Zengwei Zhengac,
Yi Liud,
Mengzhu Heac,
Dan Chenac,
Lin Sunac and
Fengle Zhu*b
aSchool of Computer & Computing Science, Zhejiang University City College, Hangzhou 310015, China
bCollege of Mechanical Engineering, Zhejiang University of Technology, Hangzhou 310023, China. E-mail: zhufl@zjut.edu.cn
cIntelligent Plant Factory of Zhejiang Province Engineering Lab, Hangzhou 310015, China
dCollege of Computer Science & Technology, Zhejiang University, Hangzhou 310027, China
First published on 21st March 2022
The selection of effective and representative spectral bands is extremely important in eliminating redundant information and reducing the computational burden for the potential real-time applications of hyperspectral imaging. However, current band selection methods act as a separate procedure before model training and are implemented merely based on extracted average spectra without incorporating spatial information. In this paper, an end-to-end trainable network framework that combines band selection, feature extraction, and model training was proposed based on a 3D CNN (convolutional neural network, CNN) with the attention mechanism embedded in its first layer. The learned band attention vector was adopted as the basis of a band importance indicator to select effective bands. The proposed network was evaluated by two datasets, a regression dataset for predicting the relative chlorophyll content (soil and plant analyzer development, SPAD) of basil leaves and a classification dataset for detecting the drought stress of pepper leaves. A number of calibration models, including SVM, 1D-CNN, 2B-CNN (two-branch CNN), 3D ResNet and the developed network were established for performance comparison.

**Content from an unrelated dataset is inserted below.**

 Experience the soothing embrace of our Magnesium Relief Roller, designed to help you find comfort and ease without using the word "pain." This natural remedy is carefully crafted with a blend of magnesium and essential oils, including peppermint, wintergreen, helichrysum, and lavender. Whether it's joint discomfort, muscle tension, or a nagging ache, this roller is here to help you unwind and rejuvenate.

Results showed that the effective bands selected by the proposed attention-based model achieved higher regression R2 values and classification accuracies not only than the full-spectrum data, but also than the comparative band selection methods, including traditional SPA (successive projections algorithm) and GA (genetic algorithm) methods and the latest 2B-CNN algorithm. In addition, different from the traditional methods, the proposed band selection algorithm can effectively select bands while carrying out model training and can simultaneously take advantage of the original spectral–spatial information. The results confirmed the usefulness of the proposed attention mechanism-based convolutional network for selecting the most effective band combination of hyperspectral images.

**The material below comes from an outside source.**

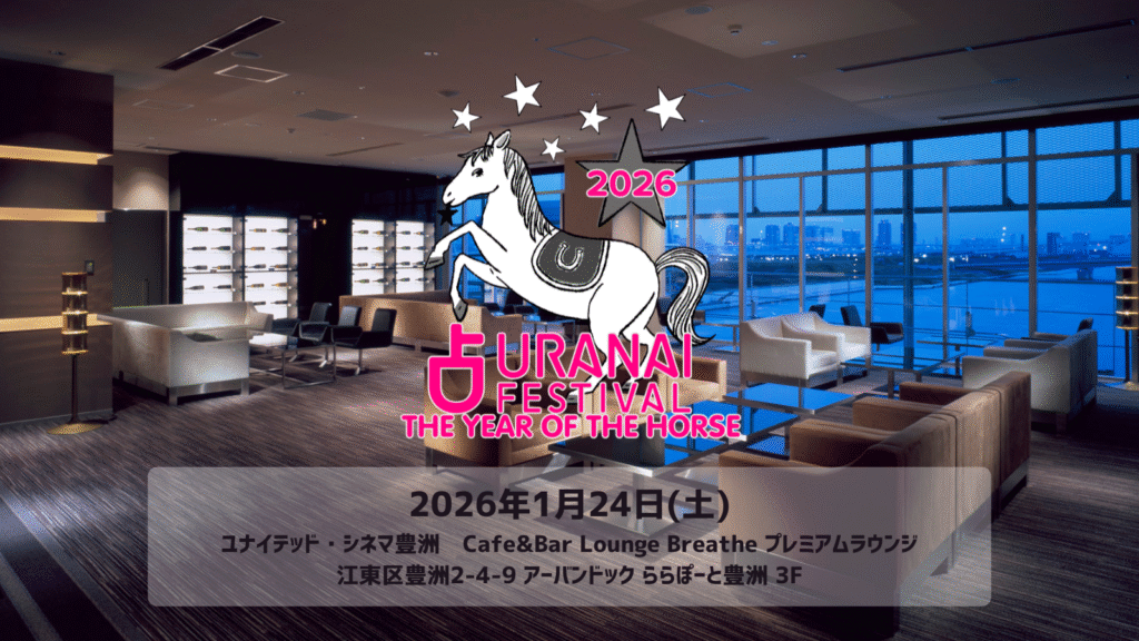 2025-12-03 News 2026年の開運は豊洲から!「占いフェス 2026 NEW YEAR」開催 絶景オーシャンビューで“運気チャージ”。事前予約で、人気占い師・暮れの酉監修「フォーチュンブレスレット」をプレゼント! 冬の東京湾を一望できるラウンジで、恋も仕事も金運も“全方向に開運”する特別な1日を過ごしませんか?新年の幕開けにふさわしい、パワースポットイベント「占いフェス 2026 NEW YEAR」が、豊洲で開催決定。2026年1月24日(土)、東京・ららぽーと豊洲内の「ユナイテッド・シネマ豊洲 Cafe&Bar Lounge Breathe プレミアムラウンジ」にてお待ちしております。 冬の東京湾を一望できるオーシャンビューのラウンジは、“いるだけで気分が上がる、まるでパワースポット”のような開運空間。今回は名物「5分占い」に、女性誌やYouTubeでも活躍し、過去の占いフェスでも予約枠が即完売した人気占い師・蝦名里香がついに登場。また、最近人気復活中の婚活パーティーで話題の占い師や、結婚相談のプロが悩める婚活女子を導く 新コーナー 「行列のできる結婚相談占い」 も登場します。さらに、来場者全員に配布する「開運ガイドブック」には、 12星座別2026年運勢、金運カレンダー、開運美容など、 新年らしいハッピーになれるヒントがぎっしり。恋も仕事も金運も人間関係も、来場者全員が“ぜんぶ開運”へ向かう特別な一日をお届けします。12月21日からスタートする鑑定の事前予約では、人気占い師・暮れの酉さん監修 「フォーチュンプレスレット」のプレゼントが決定! 数量限定ですのでお早めに。 2026年の幸運は、この日から!初詣の予定と一緒にカレンダーへ書き込んで。 ■干支“午”×馬蹄ロゴで、2026年の運気を一気にジャンプ 2026年を象徴する「午(うま)」にちなんだ特別ロゴは、イラストレーター兼占い師・小田島さよさんがデザイン。 馬蹄(ホースシュー)は世界中で「幸運を呼ぶシンボル」。 “あなたの一歩が誰かの幸せにもつながる”という前向きなエネルギーを込めています。 ■人気声優 × 占いフェス で新感覚の開運体験! ユナイテッドシネマ豊洲会場の、隣のスクリーンでは、人気占いコンテンツ『君ノ隣ニ座ル星。(https://suwaruhoshi.com/)』のアプリ化を記念したニコニコチャンネル+の公開生配信イベントが同時開催! 岡本信彦さん、榊原優希さん、島﨑信長さん(50音順)という人気声優さんのラインナップが会場を開運の渦に巻き込みます! ※出演者などの詳細は『君ノ隣ニ座ル星。』公式Xをご確認ください https://x.com/ki_mi_no_su_00 ■前売り発売は“2025年最後の最強開運日”スタート! 年内最後の 一粒万倍日 × 天赦日 × 天恩日が重なるスペシャルデー。占いフェスの鑑定前売り券はこの日、発売開始いたします!・発売開始:12月21日(日)10時〜・チケット発売サイト(Teket):https://teket.jp/8568/61261 【参加占い師のご紹介】 5分占い葵ソラ天和河みち内田真代蝦名里香神木一心クリスティーン・デリコ小田島さよ椎名清瀧高原由佳星野壱升眞陽留LANA行列のできる結婚相談占い(15分)暮れの酉多路渡よし子生田目浩美。明蘭※50音順※5分占い、結婚相談占いともに占い師の指名はできません。 【鑑定の参加方法】 前売り券(暮れの酉監修 限定フォーチュンブレスレット付き)【限定】5分占い 価格:2,200円(税込)【限定】行列のできる結婚相談占い(15分) 価格:4,400円(税込)※いずれの前売り券にも、暮れの酉監修「フォーチュンブレスレット」が付属します。 ※ブレスレットのデザインはランダムです。当日券 5分占い:1,100円(税込)行列のできる結婚相談占い(15分):5,500円※事前予約の状況により、当日券は販売されない場合がございます。※当日出演する占い師は前半/後半で入れ替えがございます。※前売り券は、当日会場にて【鑑定整理券】と引き換えてからご利用いただけます。チケット詳細・お申し込みはこちらから!・チケット発売サイト(Teket):https://teket.jp/8568/61261・占いフェス公式サイト:https://uranaifes.com/・占いフェス公式Instagram:https://www.instagram.com/uranaifes/ 【イベント概要】 ・日時:2026年1月24日(土)11:00~18:00(10:30受付開始) ・会場:ユナイテッド・シネマ豊洲 (Cafe&Bar Lounge Breathe プレミアムラウンジ) ・会場HP:https://www.unitedcinemas.jp/toyosu/breathe/index.html ・コンテンツ:鑑定(5分占い・行列のできる結婚相談占い)、開運ガイドブック、生配信イベント、物販 ・最新情報は 占いフェス公式サイト・Instagramより ※配信イベントのチケットは『君ノ隣ニ座ル星。』公式Xをご確認ください。 https://x.com/ki_mi_no_su_00 アクセス方法 ・電車でのアクセス 東京メトロ有楽町線「豊洲駅」2b出口より徒歩3分 ゆりかもめ「豊洲駅」より徒歩5分 「ららぽーと豊洲」3階シネマ棟 公式サイト:https://mitsui-shopping-park.com/lalaport/toyosu/

In order to effectively select bands, a great number of researchers have devoted to making their efforts. At present, the most popular and widely applied methods are still the traditional spectral feature selection algorithms, such as genetic algorithm (GA),14 successive projections algorithm (SPA)15 and uninformative variable elimination (UVE).16
In recent years, with the rapid development of deep learning technology and its wide application in various fields, many researchers also start to select effective spectral bands based on CNN (convolutional neural network, CNN). In addition to the average spectrum, CNN can also directly take the original hyperspectral images as input without flattening the sample in advance as the traditional method, and it is effective in both classification and regression tasks.17 Acquarelli et al.18 stated that CNN could effectively identify important spectral regions and the iterative training based on deep learning could successfully realize the selection of effective bands. Although both the traditional methods and the approach proposed by Acquarelli et al.18 contributed greatly to the effective band selection, they were all based on the average spectrum manually extracted by ROI (region of interest) from each sample and did not fully take advantage of the rich spatial information of hyperspectral images.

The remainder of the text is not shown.